= Beginning of Section =

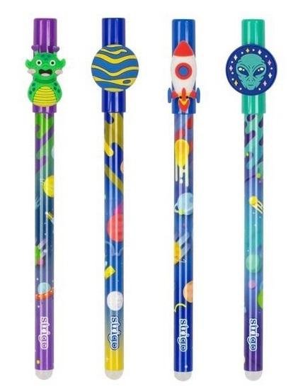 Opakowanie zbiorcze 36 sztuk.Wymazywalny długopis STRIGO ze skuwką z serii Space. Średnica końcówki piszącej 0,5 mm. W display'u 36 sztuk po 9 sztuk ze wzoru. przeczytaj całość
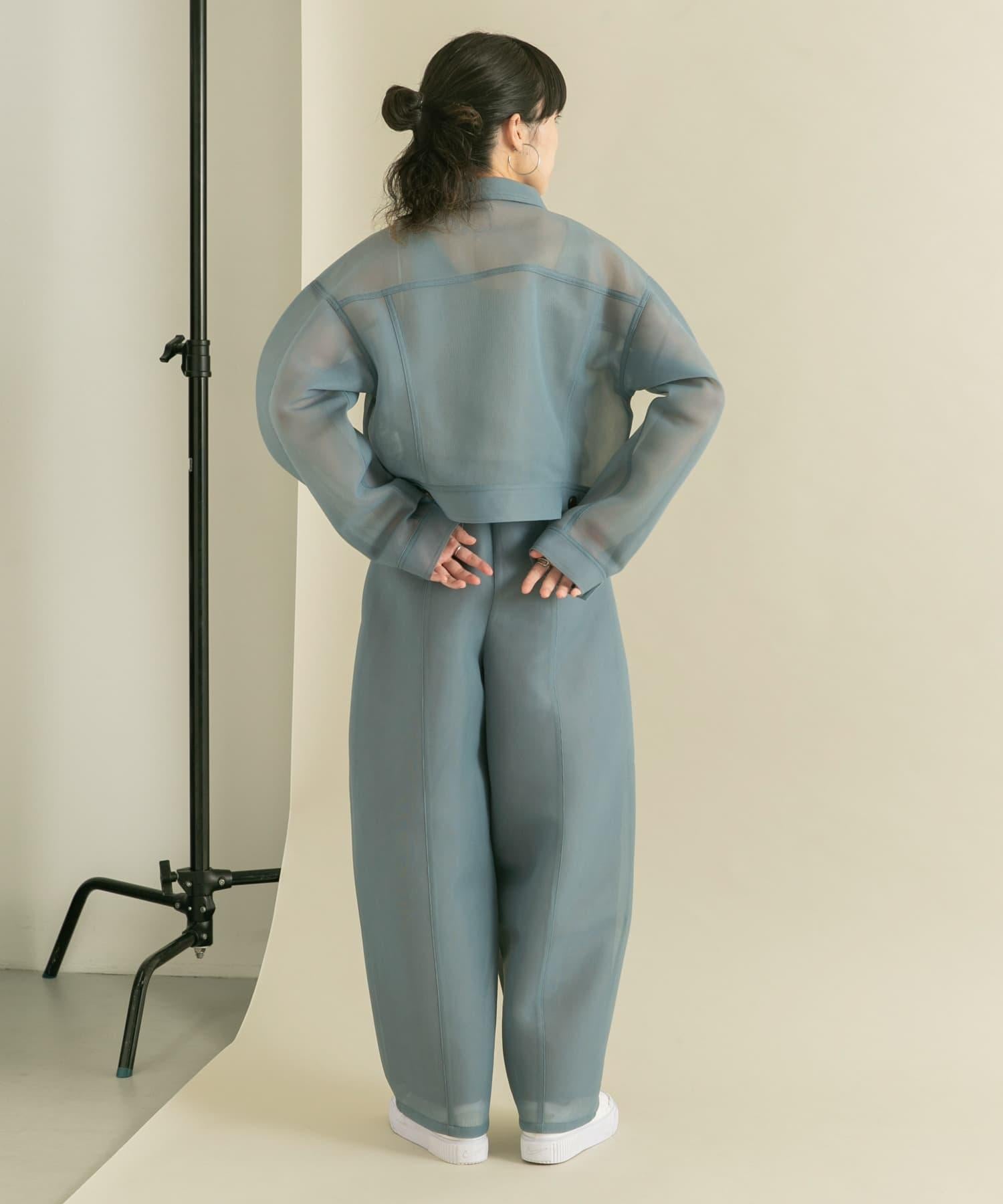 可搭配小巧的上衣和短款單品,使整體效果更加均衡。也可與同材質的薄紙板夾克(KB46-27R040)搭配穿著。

= End of Section =
= Beginning of Section =

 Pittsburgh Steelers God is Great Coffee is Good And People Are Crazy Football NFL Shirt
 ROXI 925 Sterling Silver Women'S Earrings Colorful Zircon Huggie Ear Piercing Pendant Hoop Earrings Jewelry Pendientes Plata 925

= End of Section =
= Beginning of Section =

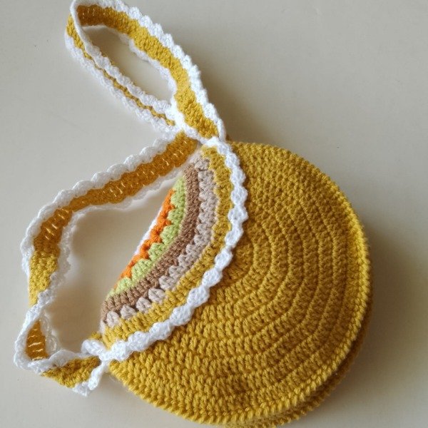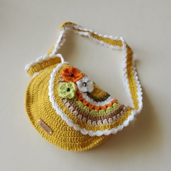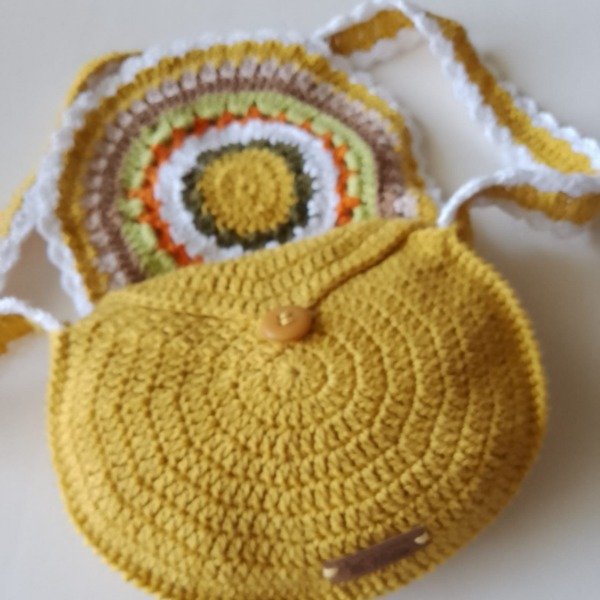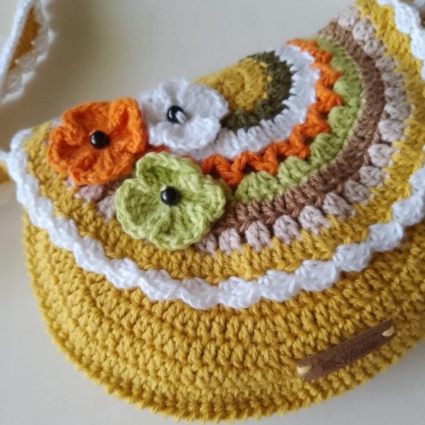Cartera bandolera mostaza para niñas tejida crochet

= End of Section =

Of the lines above, quote exactly those from the one with "Opakowanie zbiorcze 36" through the one with "可搭配小巧的上衣和短款單品,使整體效果更", ends included; pictures stay out.

 Opakowanie zbiorcze 36 sztuk.Wymazywalny długopis STRIGO ze skuwką z serii Space. Średnica końcówki piszącej 0,5 mm. W display'u 36 sztuk po 9 sztuk ze wzoru. przeczytaj całość
 可搭配小巧的上衣和短款單品,使整體效果更加均衡。也可與同材質的薄紙板夾克(KB46-27R040)搭配穿著。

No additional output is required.